Red is a self inflating balloon that is an easy to use office based point of care, interrectal function test that identify patients with chronic constipation due to pelvic floor dyssynergia and who are unlikely to improve with increased lack of abuse. The current treatment involves much trial and error by the physician as to which treatment will work and red will allow the physician to streamline the diagnosis and choose the best treatment option after the first visit, which is a win for the patient. Because the technology already has a category one CPT billing code assigned to the procedure and strong national reimbursement, we believe that providers will be able to bring this clinically beneficial technology to their practice immediately. As we continue the soft launch, we will learn much more about revenue expectations in the coming months. In summary, we’re pleased with continued and consistent execution of building the foundation of strong data and academic society support.

Nothing happens as fast as we want, but we are inching much closer to the final insurance policy coverages and effectiveness of the cat one code, which we believe will set the stage for seamless patient treatment and result significant growth and profitability. I will now turn the call over to Tim, our CFO, to discuss the financials. Tim?

Tim Hendricks, Chief Financial Officer, Neuraxis: Thank you, Brian. And let me add my welcome to everyone joining us on this call. These financial results were included within our press release, which was issued earlier, and were also provided in more detail within our 10 Q. I will add some color on key areas of the financial results, as well as an outlook on certain areas. The hard work that our team has put in the last few years is beginning to bear fruit.

We are continuing our strong momentum, which began in the third quarter of twenty twenty four. This momentum has continued here into the second quarter of twenty twenty five. The good news is we are only in the early innings of our ramp as we expect the number of covered lives to continue to grow and our capital and CPT code goes effective on January first of twenty twenty six. In addition, we are optimistic with regards to the commercialization of RED with our soft launch in Q1 twenty five, as Brian mentioned moments ago. Given our current cost structure, our goal as a company to reach cash flow breakeven is achievable.

With the issuance of the guidelines expected in the near future, the Cat one CPT billing code going effective on January 1, and the significant increase in covered lives from a year ago, we expect our sales volume to continue to grow as we have demonstrated in the last three quarters. The continuation of our track record of that sales growth, strong gross margins and operating expense cost management will allow us to achieve that cash flow breakeven. With that, I will go through some financial highlights in greater detail. Revenue in the first quarter of twenty twenty five was $896,000 up 39% compared to $647,000 in the first quarter of twenty twenty four. Unit sales increased approximately 46% due to growth from patients with full insurance reimbursement coverage and the company’s financial assistance program that provides discounts to patients without insurance coverage.

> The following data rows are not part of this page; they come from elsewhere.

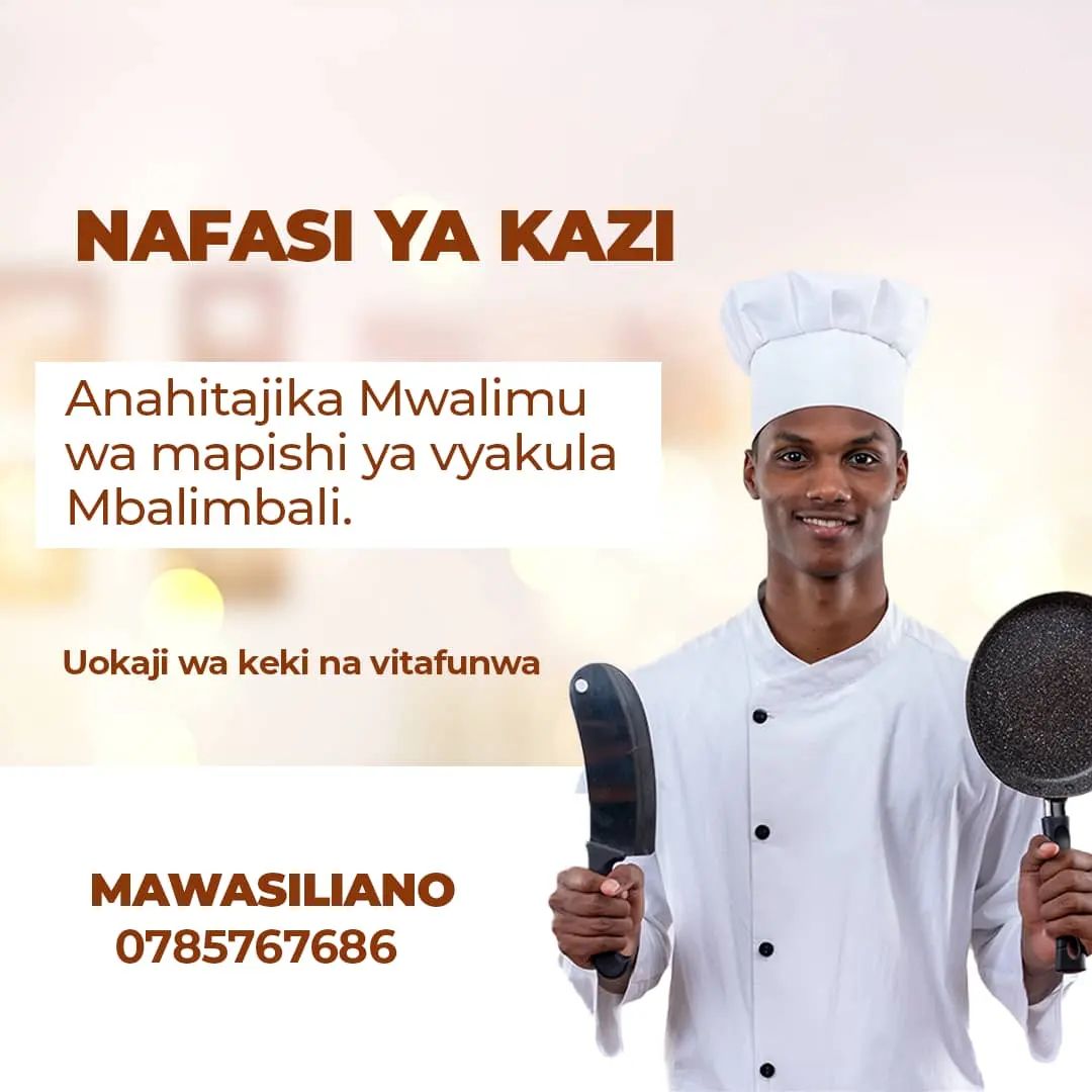 Nafasi ya kazi! Anahitajika mwalimu wa mapishi ya vyakula mbalimbali ikiwemo uokaji wa keki na vitafunwa.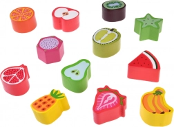 De set bevat een reeks kleurrijke fruitstukjes om in de bijbehorende openingen te plaatsen. Kinderen leren kleuren, vormen en fruitnamen en oefenen hun logisch denken.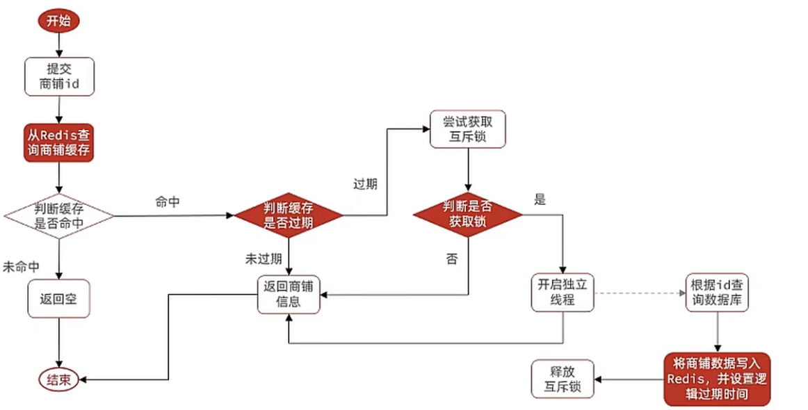 首先判断缓存是否命中,如果不命中直接返回空,若名字就要判断缓存是否逻辑过期,若未过期,直接返回,过期了就尝试获得互斥锁,如果没有获得锁,就先返回旧数据,获得了锁就开启线程池来根据数据库查询新的数据并写入缓存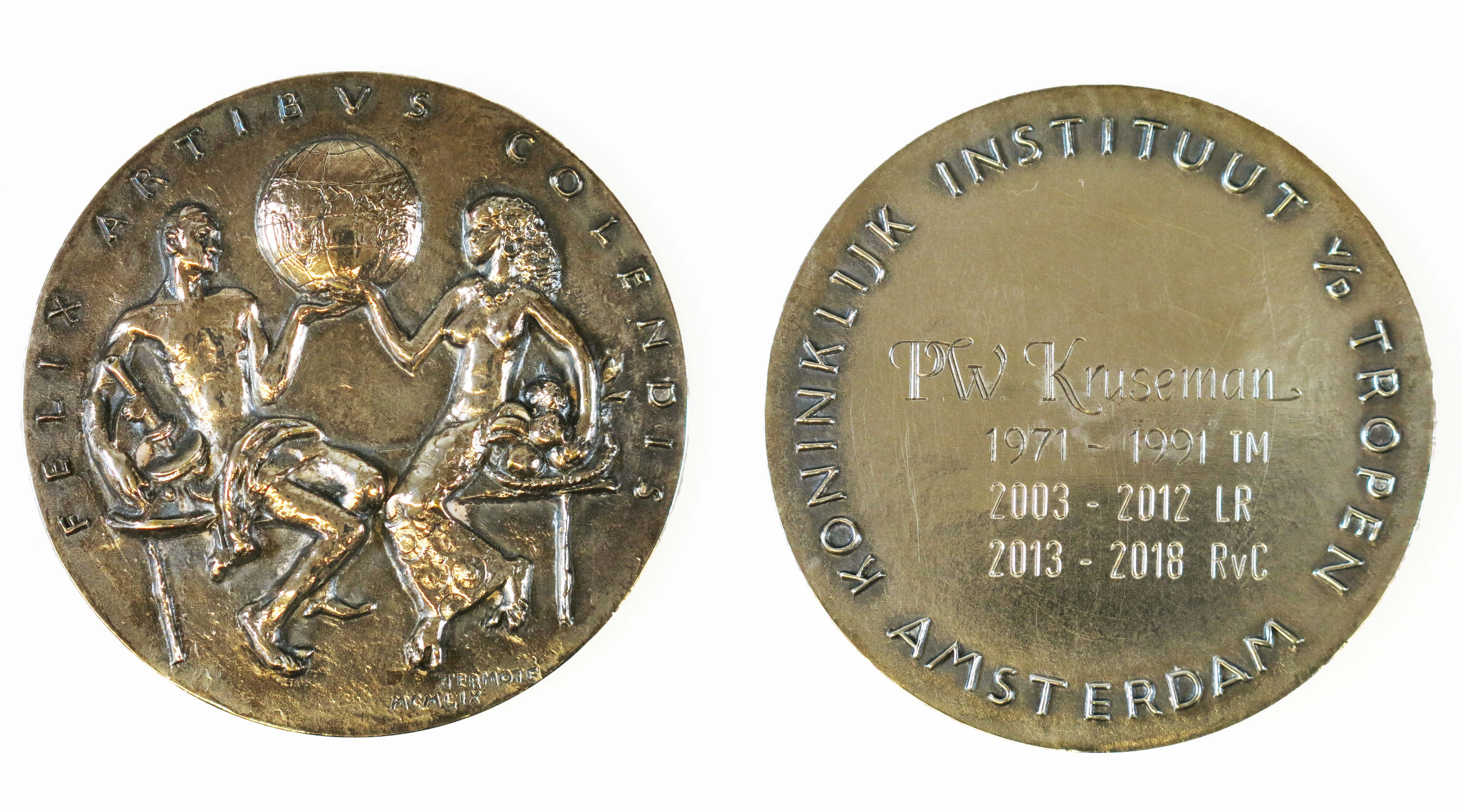 Penning uitgereikt aan Pauline Kruseman als dank voor haar verdiensten als zakelijk leider en plaatsvervangend directeur van het KIT/Tropenmuseum (1971-1991), lid van de Ledenraad van de Vereniging van het KIT (2003-2013) en als vice-voorzitter van de Raad van Commissarissen KIT (2013-2018)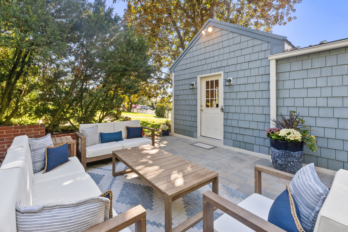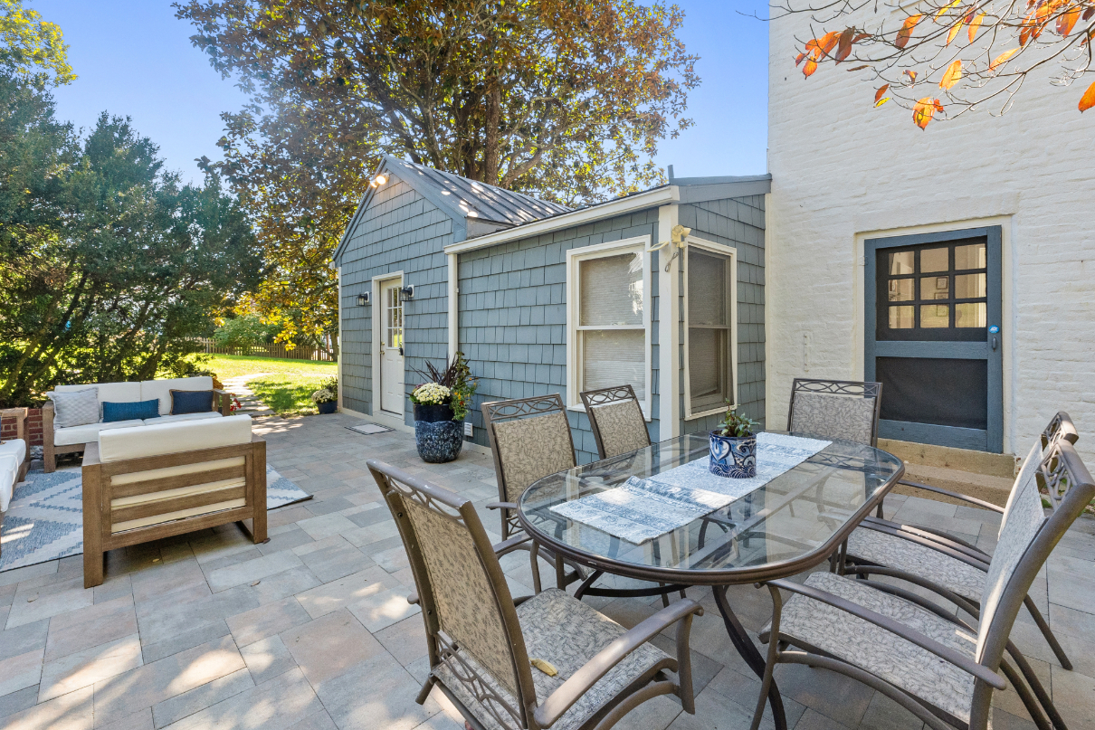 Inside, the home exudes warmth and character with gleaming antique hardwood floors throughout. Two inviting sitting rooms provide cozy spaces for relaxation or entertaining. The main level features a comfortable bedroom and updated full bath for easy one-level living, while upstairs awaits a spacious primary bedroom with its own updated bath. The bright, updated kitchen boasts contemporary appliances and opens seamlessly to a picturesque stone terrace overlooking lush, mature gardens--ideal for morning coffee or al fresco evenings. A large, interior-access storage basement offers ample room for gear or future expansion. Out back, a versatile separate one-room cottage (perfect as a home office, artist's studio, guest suite, or teen retreat) adds incredible flexibility.

The company has made great strides in recent months in gaining insurance coverage and recent results are indicative of that success. As Brian mentioned, the strong momentum has continued in the second quarter of twenty twenty five, which we expect to be our fourth consecutive quarter of revenue growth year over year. As mentioned before, we remain highly focused on expanding our insurance coverage. Despite the inherent lag from insurance coverage device orders, which we have spoken about before, recent performance indicates strong demand and acceptance on the part of healthcare providers and patients for our product. Gross margin in the first quarter of twenty twenty five was 84.4% compared to 88.4% in the fourth quarter of ’twenty four.

Although we saw an increase in sales volume, the 400 basis point decrease year over year was due to a higher growth rate of the company’s discounted financial assistance patients over the full reimbursement patients and higher device manufacturing and shipping costs. We expect our gross margin to recover into next year because when the category one CPT code becomes effective on January 1, the devices currently sold at a discount will eventually transition to full reimbursement revenue upon insurance coverage, which will boost both our future revenues and gross margin. Total operating expenses in the first quarter of twenty twenty five were $3,100,000 an increase of 27% compared to the first quarter of twenty twenty four, primarily due to the settlement of a lawsuit. Excluding the one time legal settlement charge, the company’s operating expenses would have remained relatively flat compared to the first quarter of twenty twenty four. Selling expenses in the first quarter of twenty twenty five were $134,000 a 68% increase to $80,000 in the first quarter of twenty twenty four due to higher sales volume and temporary commission structure to facilitate growth and adoption in new states.

Research and development expenses in the first quarter of twenty twenty five were $61,000 compared to only $66,000 in the first quarter of twenty twenty four. The increase is due to higher spending on a medical research study and costs to develop the RED device that we eventually soft launch in the first quarter. General and administrative expenses of 2,900,000 in the first quarter of twenty twenty five were 23% higher than the $2,300,000 in the first quarter of twenty twenty four. The increase was due to one, the settlement of a lawsuit, two, expenses related to the introduction of an annual short term and long term incentive plan that did not exist in the first quarter of twenty four, ’3, higher advertising costs to expand market awareness. And four, third party costs incurred to enhance the company’s internal control environment, partly offset by a one time hiring grant in 2024 and lower third party professional service costs as our new hires have absorbed the work internally.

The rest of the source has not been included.